I think that the proper fix might have been not to close the socket, but nevertheless this failure confused everyone -- the author of the patch thought it had to do with the SSL version, I was initially confused by the first half of the traceback (which turned out to be expected, this was in an assertRaises() call), and I spent half an hour in pdb to track down the real cause.
|
msg205233 - (view) |
Author: Guido van Rossum (gvanrossum) * |
Date: 2013-12-04 19:09 |
The more I think about this the more I believe unregister() should catch the OSError (but not the KeyError).
Every unregister() implementation starts by calling super().unregister(key), which has a side effect (it removes the key from the _fd_to_key dict).
I believe that once this side effect has happened the unregister() call should return with success even if the kqueue syscall fails with OSError.
A further refinement could be to skip the kqueue syscall *if* the registered object is in fact an object with a fileno() method and not a bare FD, and the object is closed -- we should be able to tell that by calling its fileno() method, which should return -1 or None if it is closed. (But this would be mostly an optimization -- and a safety guard in case the FD has been reused for a different object.)
I don't know how poll and epoll behave under these circumstances, but given that only the Kqueue-based asyncio test failed I think those don't raise when the FD has been closed.
If you are not amenable to this fix I will have to catch the OSError in Tulip's remove_reader(), e.g. like this:
try:
if not mask:
self._selector.unregister(fd)
else:
self._selector.modify(fd, mask, (None, writer))
except OSError:
# unregister()/modify() may or may not raise this if
# the FD is closed -- it depends on what type of
# selector is used.
pass
(and repeated in remove_writer()).
|
msg205333 - (view) |
Author: Guido van Rossum (gvanrossum) * |
Date: 2013-12-05 23:14 |
Here's a tentative change to selectors.py that ignores the OSError in various unregister() methods (but not in register()).
|
msg205382 - (view) |
Author: Guido van Rossum (gvanrossum) * |
Date: 2013-12-06 16:01 |
Ping?
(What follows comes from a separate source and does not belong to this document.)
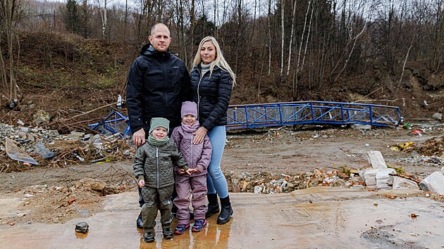 Nakonec k demolici přijela i jeho žena. „Nechtěla jsem tu být, ale zlomilo se to ve mně ve chvíli, kdy mi sestra poslala fotku babiččiny oblíbené harlekýnky, jak se válí v bahně. V tu chvíli mi došlo, že bych si to později mohla vyčítat,“ svěřuje se Iva Lukáčová, zatímco celá rodina i s dětmi pózuje na betonové základové desce. Ta je totiž tím jediným, co po jejich domově zbylo.

Charle-François, what do you think of my patch to ignore OSError in unregister()?
|
msg205385 - (view) |
Author: Charles-François Natali (neologix) * |
Date: 2013-12-06 16:46 |
Sorry for the delay, I didn't have any free time this week.
I'll review the patch shortly, but the idea sounds fine (I just need
to check if we can't be a little more specific for errnos upon
unregister).
|
msg205406 - (view) |
Author: Guido van Rossum (gvanrossum) * |
Date: 2013-12-06 21:40 |
Here's a new patch. Note that it includes a commented-out test that demonstrates the failure if the socket object itself is closed (rather than just its FD).
|
msg205408 - (view) |
Author: Guido van Rossum (gvanrossum) * |
Date: 2013-12-06 22:00 |
Here's a variant that documents the ValueError issue and omits the commented-out test.
|
msg205409 - (view) |
Author: Guido van Rossum (gvanrossum) * |
Date: 2013-12-06 22:15 |
Here's an attempt at fixing the ValueError.
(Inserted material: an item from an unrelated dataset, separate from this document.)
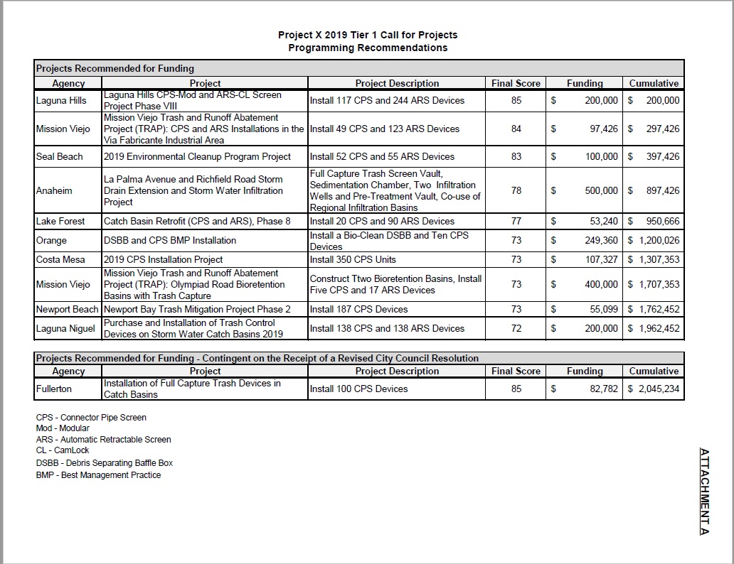 The OCTA board has approved funding for nearly 150 projects since the inception of this program in 2011, totaling approximately $19 million. It is estimated that more than 1 million cubic feet of trash has since been captured as a result of the installation of these devices.

I don't like the exhaustive search much, but the alternative is to maintain an inverse dict. What do you think?
|
msg205410 - (view) |
Author: Charles-François Natali (neologix) * |
Date: 2013-12-06 22:59 |
> Guido van Rossum added the comment:
>
> Here's an attempt at fixing the ValueError.
>
> I don't like the exhaustive search much, but the alternative is to maintain an inverse dict. What do you think?
I was going to suggest such an exhaustive search.
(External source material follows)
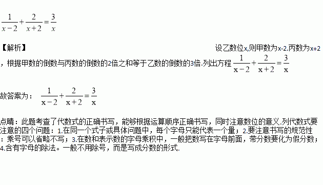 设A、B、C为三个连续的正偶数,若A的倒数与C的倒数的2倍之和等于B的倒数的3倍.设B数为,则所列方程是___________.

I think it's the cleanest/simplest solution, and the performance
overhead is IMO completely unimportant since it's not supposed to
happen often, and if the key isn't found we're going to raise an
exception anyway.
So if we want to handle this case (and I think we should to be
consistent), that's the best way to go.
But I think that OSError should still be caught in
EpollSelector.unregister(): since if the FD is closed before,
epoll.unregister() will raise ENOENT/EBADF since the FD will have
automatically been removed (exactly as for kqueue according to the man
page).
|
msg205411 - (view) |
Author: Guido van Rossum (gvanrossum) * |
Date: 2013-12-06 23:18 |
OK, I'll make a new patch (maybe Monday). I want to be a little more careful with the exhaustive search, I think it should not be attempted if we see KeyError or AttributeError (those should not be dynamic).
I tested for the epoll error on Ubuntu and didn't get OSError, but I'm happy to keep it in if the man pays says so. (How sure are you about poll() not doing this?)
|
msg205432 - (view) |
Author: Guido van Rossum (gvanrossum) * |
Date: 2013-12-07 01:51 |
So I think this is why epoll doesn't raise OSError:
http://hg.python.org/cpython/file/44dacafdd48a/Modules/selectmodule.c#l1335
The Python wrapper explicitly checks for EBADF and turns this into a non-error result.
|
msg205433 - (view) |
Author: Guido van Rossum (gvanrossum) * |
Date: 2013-12-07 01:58 |
Well, I take it back. If you close the FD and then reuse it, you get ENOENT, which is not caught. So we still need the try/except OSError.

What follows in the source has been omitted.